X = random_one_hot((20, 4, 2000), random_state=0).float()
X_hat4 = greedy_marginalize(model, X, motifs, y, output_mask=idxs, max_iter=20, verbose=True)
X_hat4.shape
Iteration 0 -- Loss:  1.0, Improvement: N/A, Idx: N/A, Time (s): 0s
100%|███████████████████████████████████████████████████████████████████████████████████| 26/26 [00:00<00:00, 70.07it/s]
Iteration 1 -- Loss: 0.8707, Improvement: 0.1293, Motif Idx: 23, Pos Idx: 999, Time (s): 0.3736
100%|███████████████████████████████████████████████████████████████████████████████████| 26/26 [00:09<00:00,  2.61it/s]
Iteration 2 -- Loss: 0.4476, Improvement: 0.4231, Motif Idx: 25, Pos Idx: 983, Time (s): 9.956
100%|███████████████████████████████████████████████████████████████████████████████████| 26/26 [00:12<00:00,  2.04it/s]
Iteration 3 -- Loss: 0.3146, Improvement: 0.1329, Motif Idx: 22, Pos Idx: 997, Time (s): 12.82
100%|███████████████████████████████████████████████████████████████████████████████████| 26/26 [00:13<00:00,  1.93it/s]
Iteration 4 -- Loss: 0.2479, Improvement: 0.06674, Motif Idx: 25, Pos Idx: 1007, Time (s): 13.49
100%|███████████████████████████████████████████████████████████████████████████████████| 26/26 [00:13<00:00,  1.89it/s]
Iteration 5 -- Loss: 0.1982, Improvement: 0.04969, Motif Idx: 8, Pos Idx: 1024, Time (s): 13.77
100%|███████████████████████████████████████████████████████████████████████████████████| 26/26 [00:17<00:00,  1.51it/s]
[20]:
torch.Size([4, 51])

A one-hot encoding is returned from this function, so we can take a look at what was designed using the characters function which is the conceptual opposite of a one-hot encoding.

[21]:
from tangermeme.utils import characters

characters(X_hat4, allow_N=True)
[21]:
'GGCGCGTGCCNNNNCTAAAAATAGGGCGCGTGCCNNNNNNNCGTCTAGACA'

Interestingly, adding in a single AP-1 motif would increase predictions by significantly more than the desired value of 1. Instead, the method constructs weaker versions of the binding sites by overlapping motifs.

[22]:
from tangermeme.marginalize import marginalize

y_before, y_after = marginalize(model, X, X_hat4.unsqueeze(0))
(y_after - y_before)[:, idxs].mean()
[22]:
tensor(0.9614, dtype=torch.float16)

Final Words

Design can be a tricky process with many tradeoffs, particularly when it comes to genomics.
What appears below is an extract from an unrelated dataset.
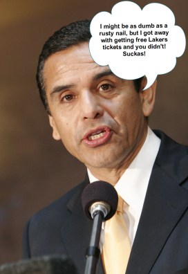 The Mayor of Los Angeles was pressed on how he managed to get free court side NBA Lakers tickets, which he is required to report by law, but failed to do so. After a minute of umming and ahhhing on an audio soundbite on 640KFI, he said they were from the NBA Commissioner and they were meeting to discuss having the 2011 NBA All-Star game brought to Los Angeles next year. Hence, the meeting was for business and not for pleasure.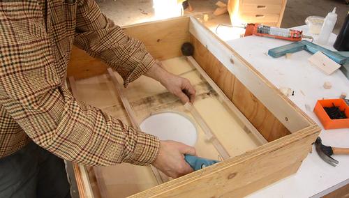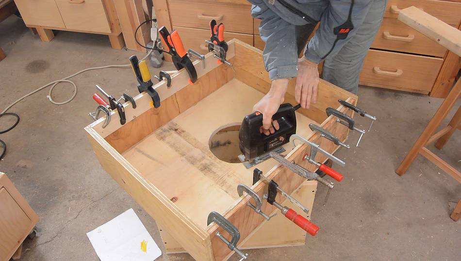 I used some really rough plywood scraps as material. I glued them together

One may need multiple iterations and trying out several strategies before converging on one that yields consistently good edits. This is, in part, because we have not yet fully converged on language for describing the pros and cons of various design methods. It is my hope that packages like tangermeme, and the design methods implemented here, can help move the field forward by standardizing some of the language we use to describe the design process.